5. In Venhatadri Appa Row v. Parthasarathi Appa Row the Judicial Committee of the Privy Council observed that upon taking an account of principal and interest due, the ordinary rule with regard to payments by the debtor unappropriated either to principal or interest is that they are first to be applied to the discharge of interest. Lord Buckmaster delivering the judgment of the Board observed (p. 153) :.There is a debt due that carries interest. There are moneys that are received without a definite appropriation on the one side or on the other, and the rule which is well established in ordinary cases is that in those circumstances the money is first applied in payment of interest and then when that is satisfied in payment of the capital. That rule is referred to by Rigby L.J. in the case of Parr's Banking Co. v. Yates  2 Q.B. 460 in these words : 'The defendant's counsel relied on the old rule that does, no doubt, apply to many cases, namely, that, where both principal and interest are due, the sums paid on account must be applied first to interest. That rule, where it is applicable, is only common justice.

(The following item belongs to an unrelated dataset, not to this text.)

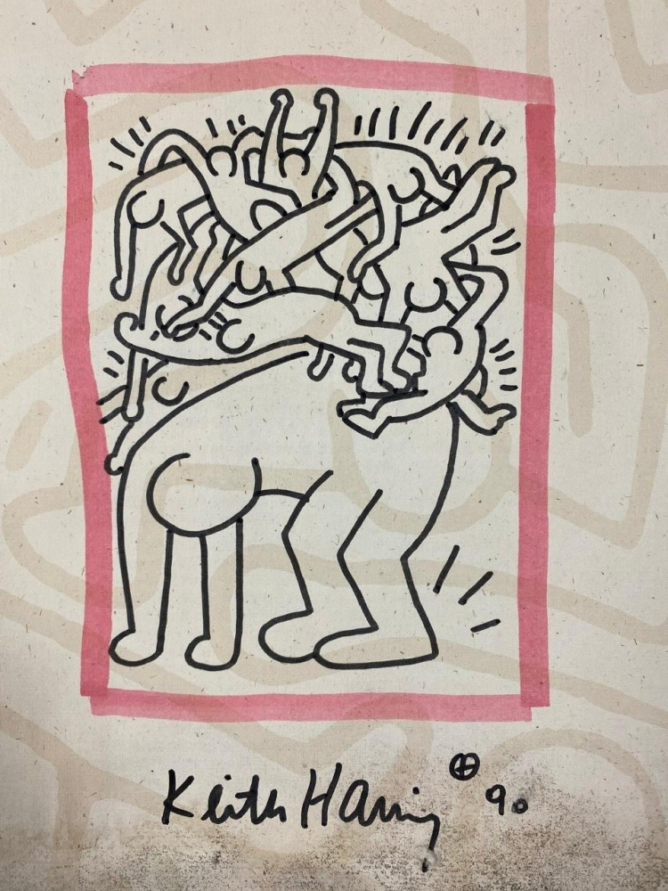 Original drawing by Keith Haring from 1990. Keith Haring made this drawing shortly before his death, the figuration is known from the very last edition that was issued entitled 'Fight Aids Worldwide'. This copy is an original drawing by the artist of this well-known figuration in an old catalogue. The catalog has water damage at the bottom, but the drawing is still completely intact. Collection or shipping possible.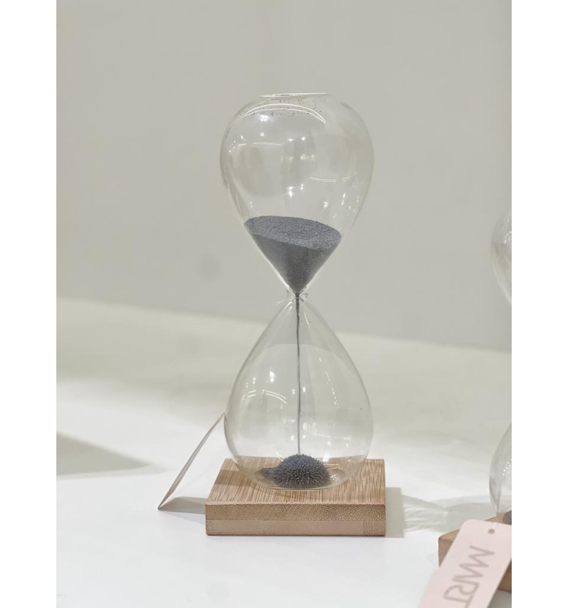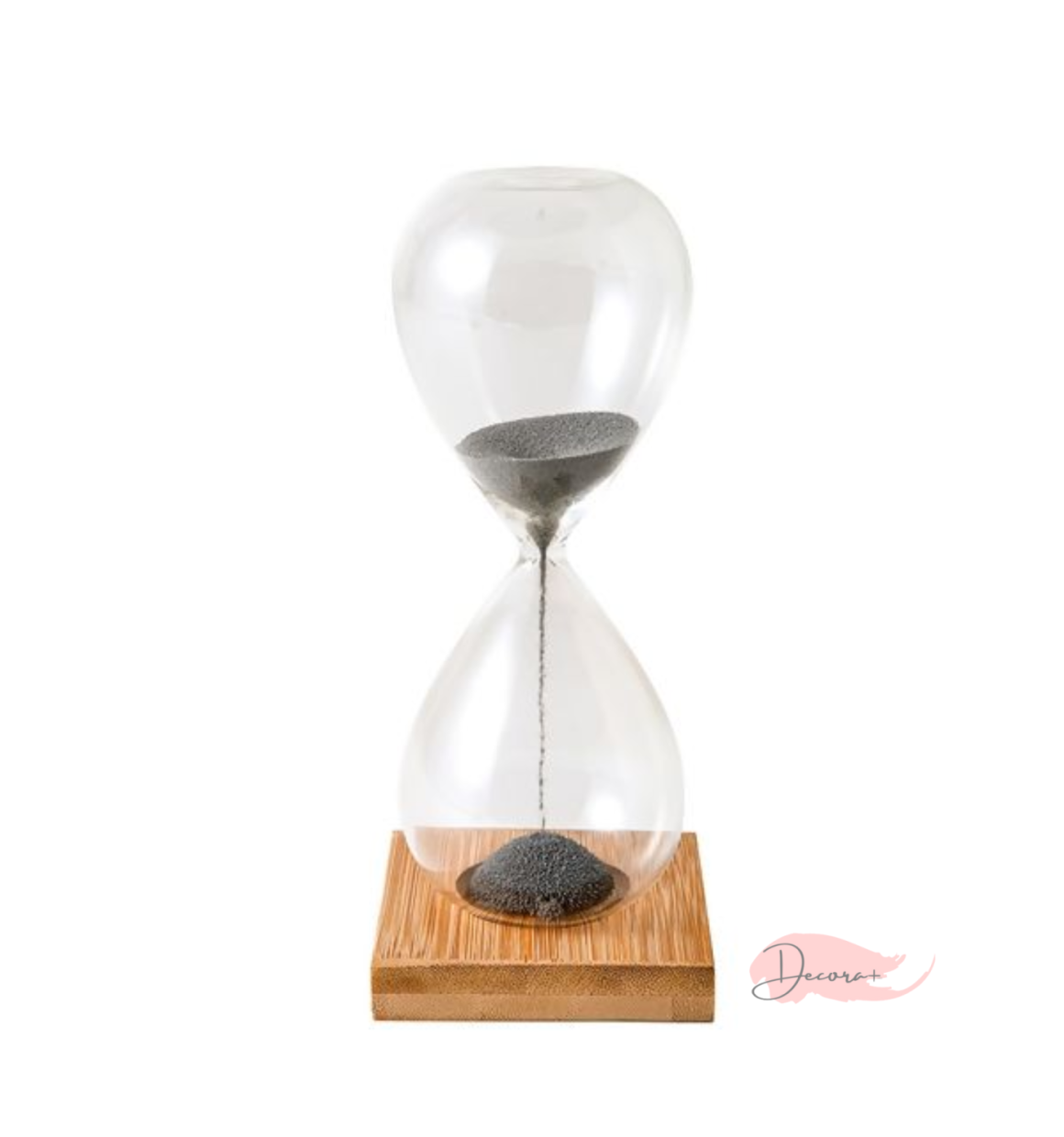 Ampulheta Decorativa em Vidro Areia Cinza com Base Magnética e base em madeira.

To apply the sums paid to principal where interest has accrued upon the debt, and is not paid, would be depriving the creditor of the benefit to which he is entitled under his contract.
6. Counsel for the appellant contended that in Venhatadri Appa Row's case there was no specific appropriation by the debtor, whereas in the present case there is specific direction by the debtor. But the normal rule is that in the case of a debt due with interest any payment made by the debtor is in the first instance to be applied towards satisfaction of interest and thereafter to the principal. It was for the mortgagors to plead and prove an agreement-that the amounts which were deposited in Court by the mortgagors were accepted by the mortgagees subject to a condition imposed by the mortgagors. In the present case there is no evidence which supports the contention raised by counsel for the appellant.
7. Counsel urged that, in any event, when an account was finally submitted by the mortgagees they were aware of the fact that certain amounts were paid in Court and they knew that those amounts were paid conditionally and when the mortgagees withdrew the amounts deposited in Court they must be deemed to have accepted the conditions subject to which the amounts were deposited. But the account submitted by the mortgagees shows clearly that they had given credit for the amounts deposited towards the interest and costs in the first instance and the balance only towards the principal. The account submitted by the mortgagees clearly negatives the plea of the mortgagors.
8. An argument somewhat faintly suggested before us that it is the privilege of the debtor to impose conditions subject to which any payment is to be made by the mortgagor, and the mortgagee is bound to accept the condition needs no serious consideration.
9. [The rest of the judgment is not material to this report.]